轻微的脚步声从门外传来,由远及近。
沈绮梦瞬间从那种沉浸式的恍惚中惊醒,几乎是本能地,身体微微紧绷,眼神锐利地看向房门。即便是在这样看似安宁的环境里,长久训练形成的警惕性依旧刻在骨子里。
“吱嘎——”
老旧的木门被轻轻推开,林墨端着一个木质托盘走了进来。他穿着一件浅蓝色的棉麻衬衫,袖子随意地卷到小臂,露出结实的手腕。阳光从他身后照进来,勾勒出他挺拔而温和的轮廓。
看到她已经醒来,并且站在窗边,林墨眼中闪过一丝显而易见的惊喜和放松。
“你醒了?”他的声音带着一如既往的温润,快步走上前,将托盘放在桌上,很自然地伸手想要扶她,“感觉怎么样?快坐下,你身体还很虚。”
他的指尖即将触碰到她手臂时,沈绮梦几不可察地微微一侧身,避开了。
林墨的手在空中顿了一下,随即若无其事地收回,脸上并无半分不悦,只是关切地看着她:“你昏迷了整整三天,精神力透支得太厉害了。先喝点药,我熬了很久,对恢复元气有帮助。”
托盘里,是一碗浓黑的汤药,旁边还贴心地放着一小碟晶莹的冰糖。
沈绮梦的目光从林墨温煦的脸上,移到那碗冒着热气的药汁上,再缓缓扫过这间充满生活气息的老屋。
“这里……是哪里?”她的声音因为久未开口而有些沙哑。
“放心,这里很安全。”林墨走到窗边,与她并肩而立,看着窗外静谧的巷弄,“这是我外婆生前住的老宅,在江南的一个水乡小镇,地图上都不太找得到。镇上住的都是几十年的老街坊,民风淳朴,很少与外面的人打交道。沈家的势力,暂时还渗透不到这里。”
他的语气平和而肯定,带着一种让人安心的力量。
江南水乡……外婆的老宅……
沈绮梦默默地咀嚼着这几个词。

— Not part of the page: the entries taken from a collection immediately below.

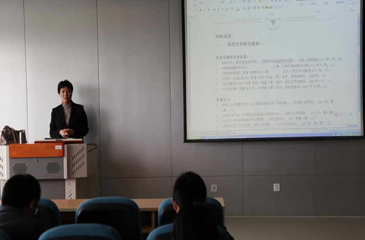 2017年4月7日下午3至5时,外国语学院在如心楼806室举办了题为《非裔美国文学研究的方法和思路》的专题讲座。讲座由博士生导师田俊武教授主持,邀请到杭州电子科技大学外国语学院院长、浙江大学外国语学院教授、博士生导师谭慧娟博士主讲,外国语学院英美文学专业教师和文学、翻译学方向的博士和硕士研究生听取了报告。
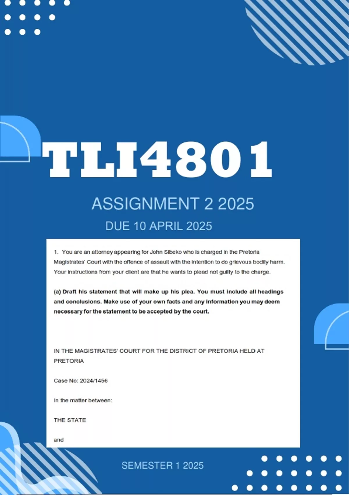 Assignment 02 – Semester 1 2025 Answer the following questions using proper references. Your entire assignment answer (questions 1 (a)-(d)) must be typed and must not exceed 15 pages. 1. You are an attorney appearing for John Sibeko who is charged in the Pretoria Magistrates’ Court with the offence of assault with the intention to do grievous bodily harm. Your instructions from your client are that he wants to plead not guilty to the charge. (a) Draft his statement that will make up his plea. You must include all headings and conclusions. Make use of your own facts and any information you may deem necessary for the statement to be accepted by the court. IN THE MAGISTRATES' COURT FOR THE DISTRICT OF PRETORIA HELD AT PRETORIA Case No: 2024/1456 In the matter between: THE STATE and
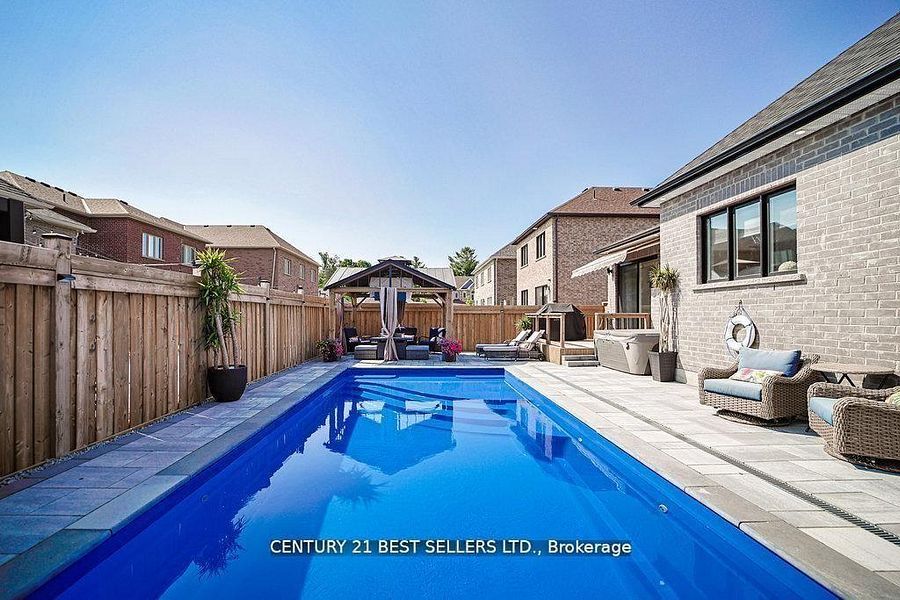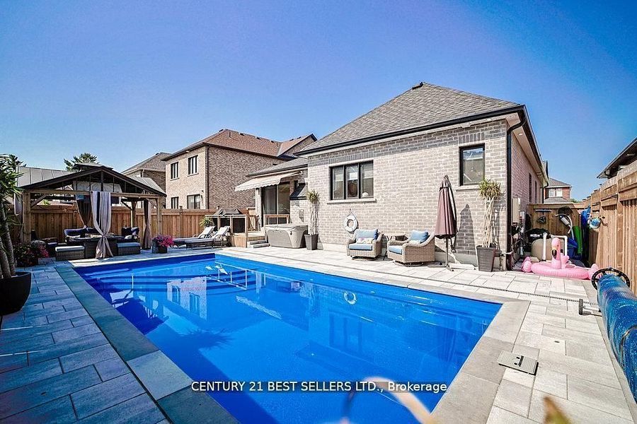 Welcome to your dream home in the heart of prestigious angus! This absolutely stunning 2021 custom-built bungalow offers over 4,100 sqft of luxurious living space with premium upgrades! From the moment you walk in, you'll be wowed by soaring 10-ft ceilings, elegant engineered hardwood floors, all new upgraded lights fixtures, 5 upgraded quartz countertops, kitchen, bathrooms, laundry room, backsplash in kitchen and laundry, above & bellow kitchen cabinet lighting, upgraded fireplace with crystal stones, zebra blinds throughout, and an open-concept kitchen that's an entertainers paradise-complete with walkout to a covered deck, powered gazebo, and a gorgeous in-ground energy saving heated fibreglass pool with automatic chemical system with low annual maintenance cost under $500! Imagine summer evenings by the outdoor fireplace, 2 convenient gas line hookups bbq & fire pit and relaxing in your beautifully landscaped oasis, a backyard built for entertaining. Inside, enjoy 5 spacious bedrooms, 3 full bathrooms with upgraded mirrors, a sorround sound speakers in the rec room, home gym area, separate entrance to basement, and upgrades galore including iron railings, humidifier, 200amp panel, heated garage, 9-ft-ceilings in the lower level, water softener, granite outdoor steps, interlock front and backyard, grass irrigation system and pot lights inside& outside of this gorgeous home. All this on a quiet, upscale street just minutes from schools, parks, church and shopping. This home truly has it all! Don't miss your chance to own and call it home.

这里的一切,都与沈家那个冰冷、奢华、充满算计和危险的世界截然不同。空气是软的,阳光是暖的,连时间流淌的速度都仿佛慢了许多。
“我检查过你的情况,”林墨继续说道,语气转为严肃,“身体上的虚弱可以通过汤药和饮食慢慢调理,但精神力的损伤需要更长的时间来温养,切忌心急,也不能再轻易动用催眠能力。”
沈绮梦点了点头。她自己的身体自己清楚,那种识海被掏空、隐隐作痛的感觉依旧存在。这次逃亡,几乎耗尽了她的所有。
她走到桌边,端起那碗温度适中的汤药。浓重的苦涩气味扑面而来,她没有丝毫犹豫,像完成一个必要的程序一样,仰头将药汁一饮而尽。极致的苦味瞬间席卷了味蕾,让她微微蹙眉。
几乎在她放下碗的同时,一颗冰凉的冰糖被递到了她的唇边。
“含着,会好受些。”林墨的声音很近,带着一丝不容拒绝的温和。
沈绮梦看着他那双清澈而专注的眼睛,迟疑了片刻,终是微微张口,将那颗冰糖含了进去。甜意缓缓化开,有效地驱散了舌尖的苦涩。
“谢谢。”她低声道,不仅是谢这颗糖,更是谢他做的一切。
林墨笑了笑,笑容如同窗外温暖的阳光:“我说过,我会帮你。现在,你什么都别想,把这里当成一个……可以安心休息的地方。等你好起来,我们再商量以后的事。”
以后……
这个词对沈绮梦来说,曾经渺茫得如同星辰。而现在,似乎触手可及。
她重新坐回床边,阳光透过窗纸,在她身上投下柔和的光影。身体的疲惫感再次袭来,但这一次,不再有恐惧和不安伴随着她。
窗外,市井的声音依旧慵懒,偶尔有乌篷船的摇橹声和船娘的吴侬软语传来。在这片陌生的、却充满庇护感的宁静里,沈绮梦允许自己闭上了眼睛。
或许,她真的可以暂时停下奔逃的脚步,让千疮百孔的身心,在这江南的烟雨朦胧中,获得一丝喘息和愈合的可能。